Saturday, March 7, 2009

Shaking All Over

We are leaving today's walk until this afternoon. It looked a bit uncomfortable this morning, heavy showers, and the forecast was for it to clear up, which it has done. Very humid, though.

Just heard from John Brady that another cyclone is sweeping down on Brisbane. No doubt the tail end of it will arrive here a few days later and disrupt the plans of lots of people. That has happened several times while we have been here, with the damage mainly in North Island.

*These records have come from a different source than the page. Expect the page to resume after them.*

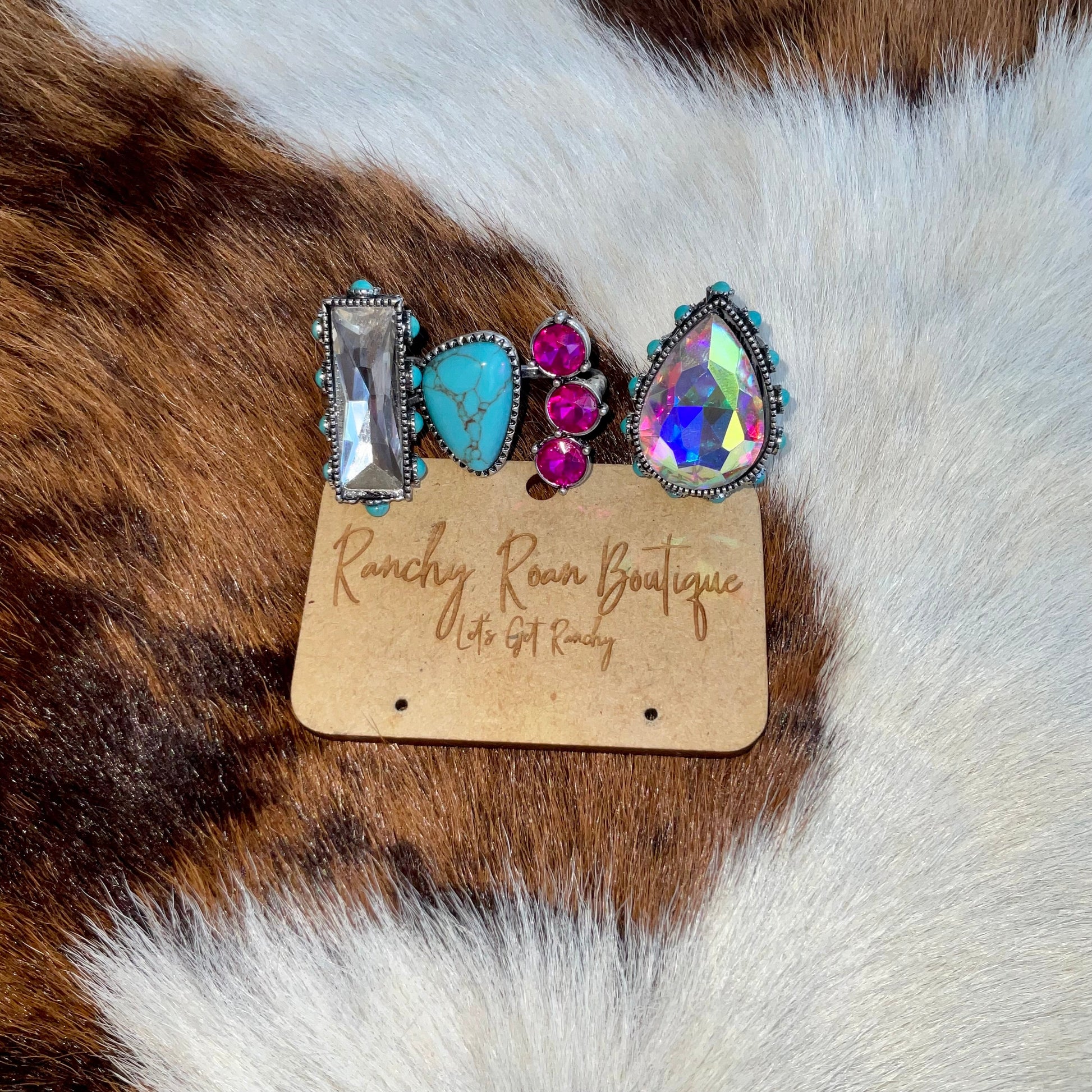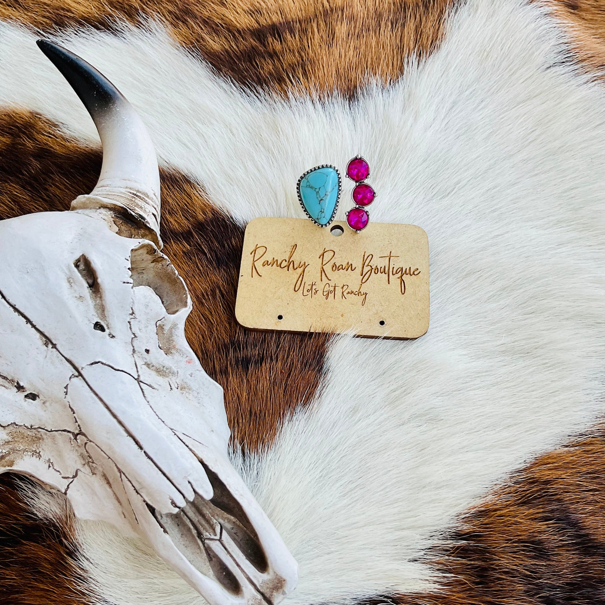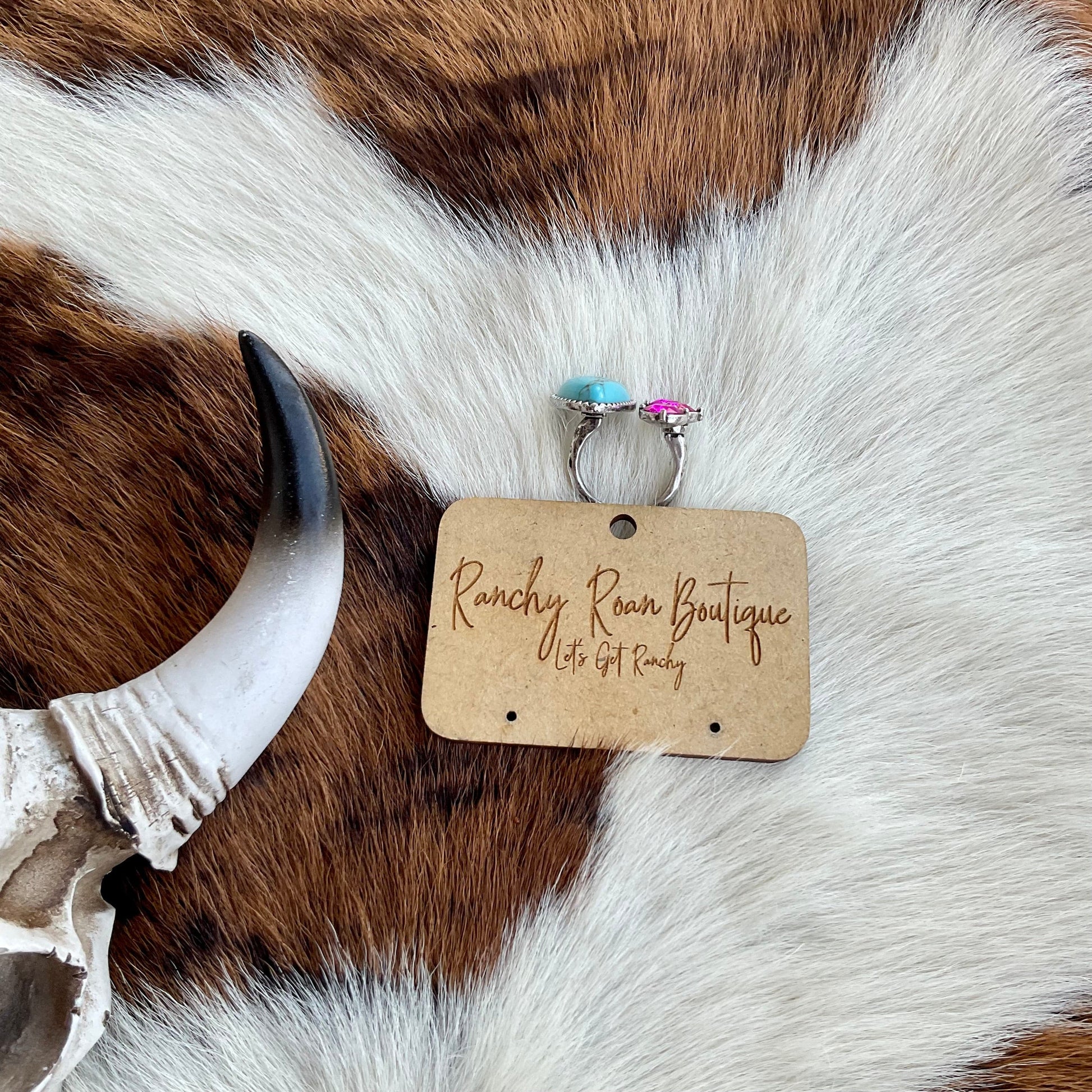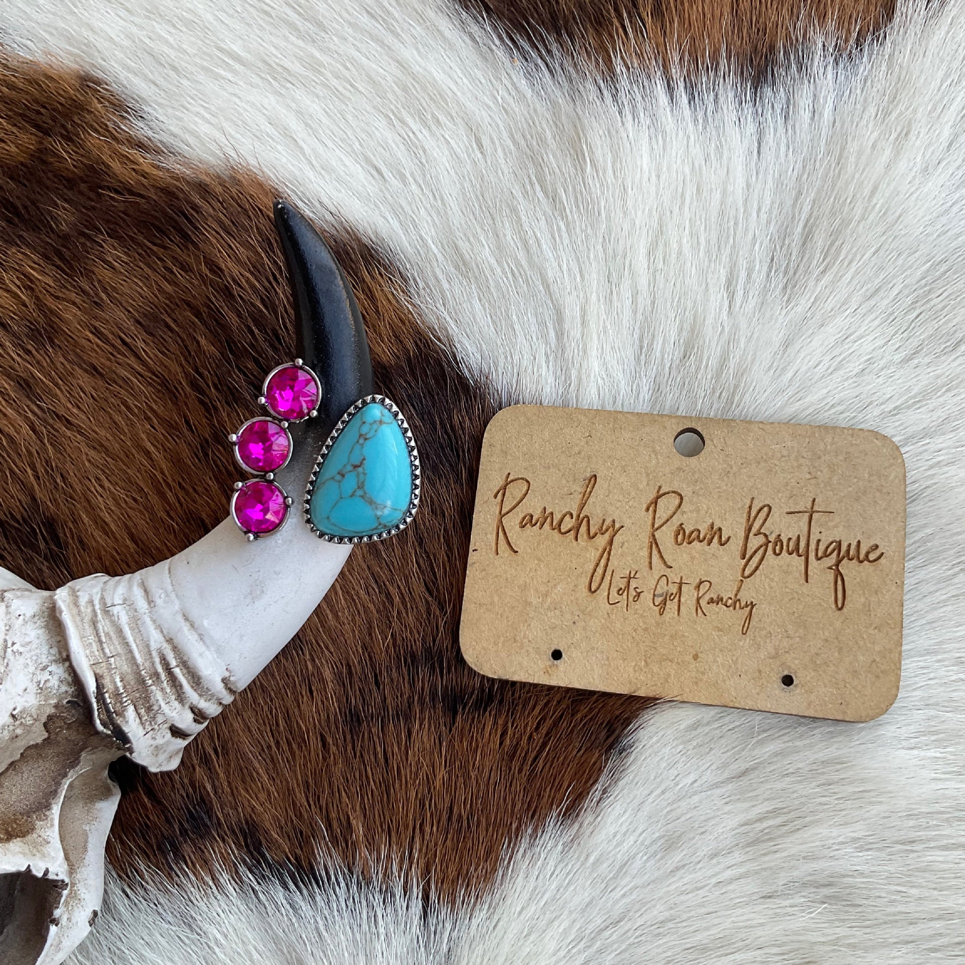 This Stone Cuff Western Ring exudes cowboy style with its burnished silver and turquoise color, finished with a vibrant fuchsia stone. Show off your inner cowgirl with this gorgeous conversation-starter!
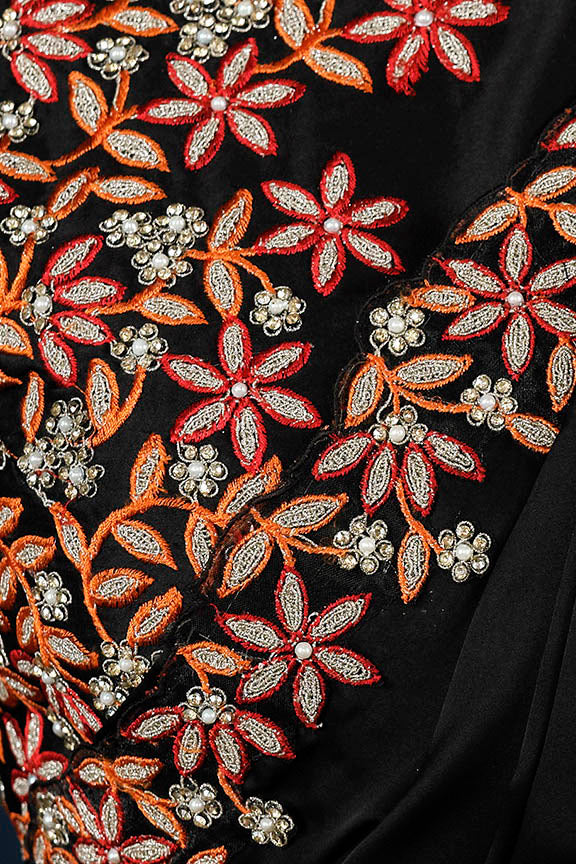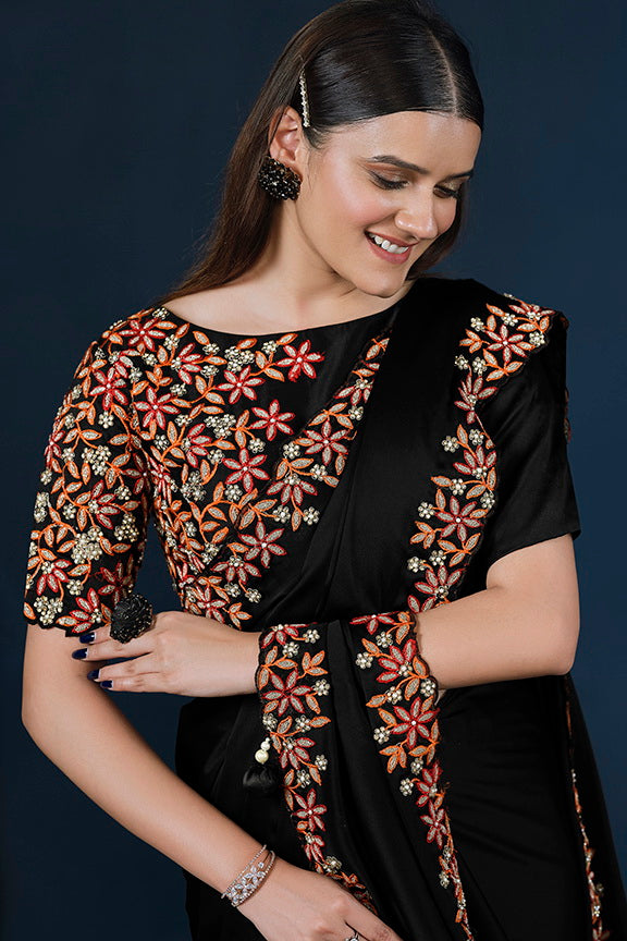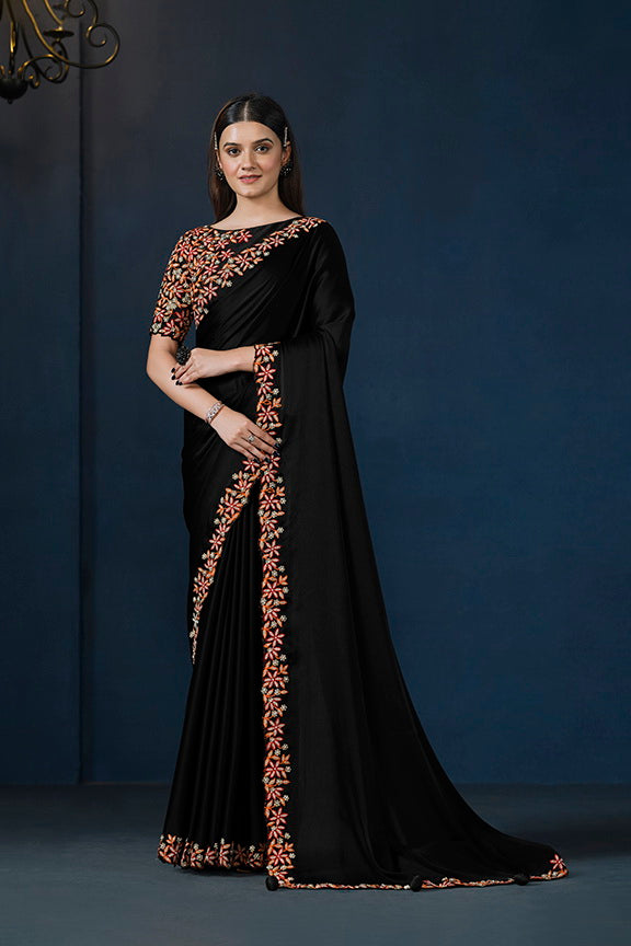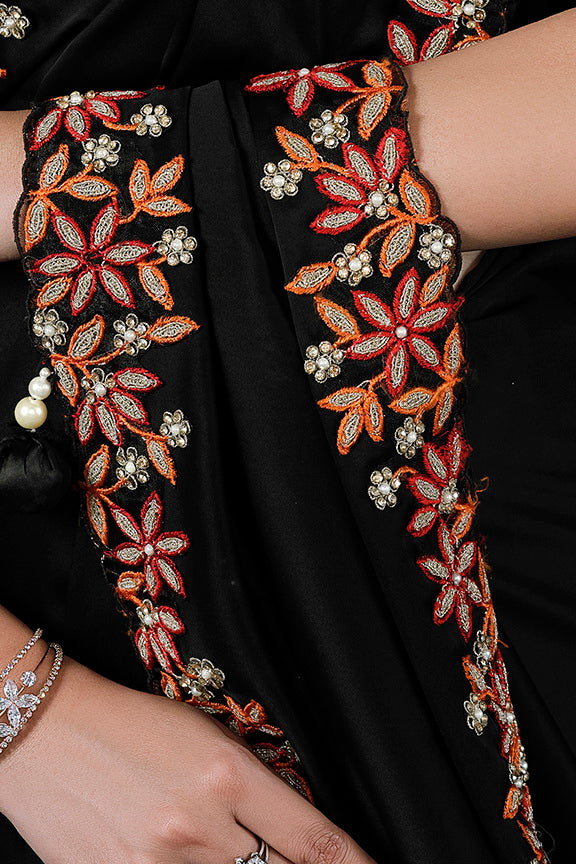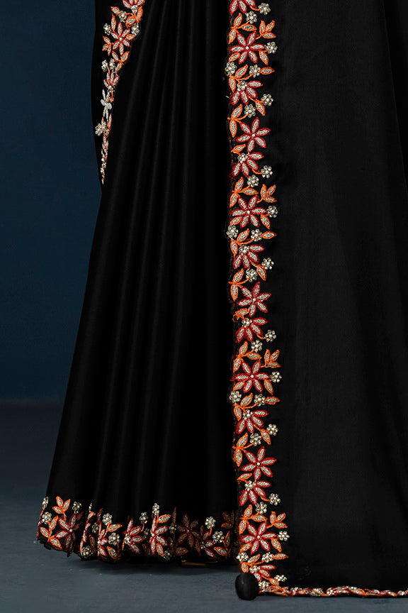 Black Crepe satin silk Thread work with Pure Handwork Saree with Unstitched Blouse
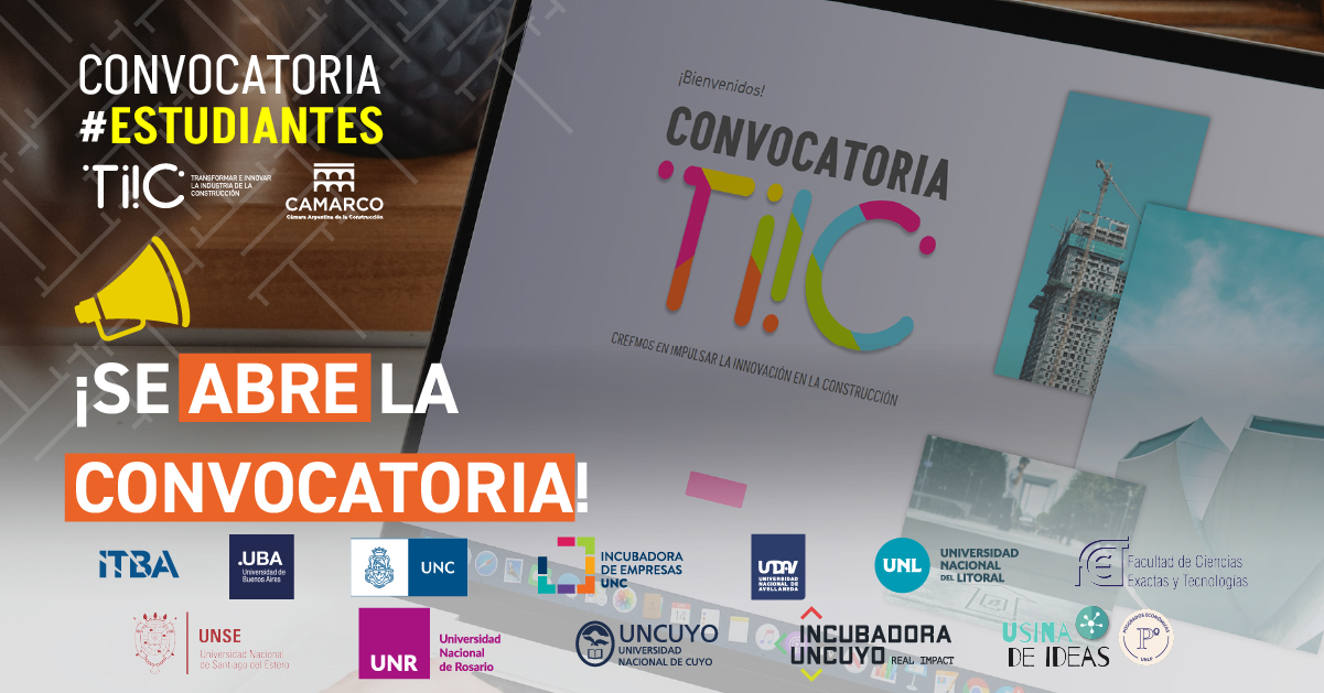 ▪ La Cámara Argentina de la Construcción, a través de su espacio TIIC – Transformar e Innovar la Industria de la Construcción - anuncia el lanzamiento de la segunda edición de su llamado a emprendedores/as exclusivo para el mundo académico.

When we leave Hokitaka tomorrow we head north up the West Coast, which is truly spectacular in fine weather. We turn east and inland before we reach Greymouth, which is just as well. The only time we have ever stayed in that town, a tornado destroyed the town centre the following day. We really felt guilty, because on the same trip, we passed through the Misissippi area on the way home and also stayed with our friends in Evansville. Guess what? Not much later Hurricane Katrina happened and also a tornado tore the heart out of a trailer park in Evansville, killing many people. We were really studying the news about everywhere we had been for some time after that, but came to the conclusion that it was all a coincidence.

On our way to Hanmer Springs, we also drive through Reefton, yet another goldrush place (there is a place on a corner plot where bearded prospects will make you a mug of incredibly strong tea and show you how to pan for gold) and Murchison, one of several places which has been flattened by an earthquake during the brief years of European settlement here. There are several earthquakes every day in NZ, most of them undetectable by humans. But NZ is on the Pacific "Ring of Fire" and is always hovering on the brink of another "big one". So why have they built the capital., Wellington, on several fault lines?

We experienced a very strong earthquake on our first visit here in 1995. We had just crossed from South Island to North Island on the ferry and driven 80-90 kms north. The next morning our camper was thrown about very violently. The earthquake was deep below the sound between the two islands and was felt over a very large area. Fortunately this time there was no very serious damage and nobody was killed.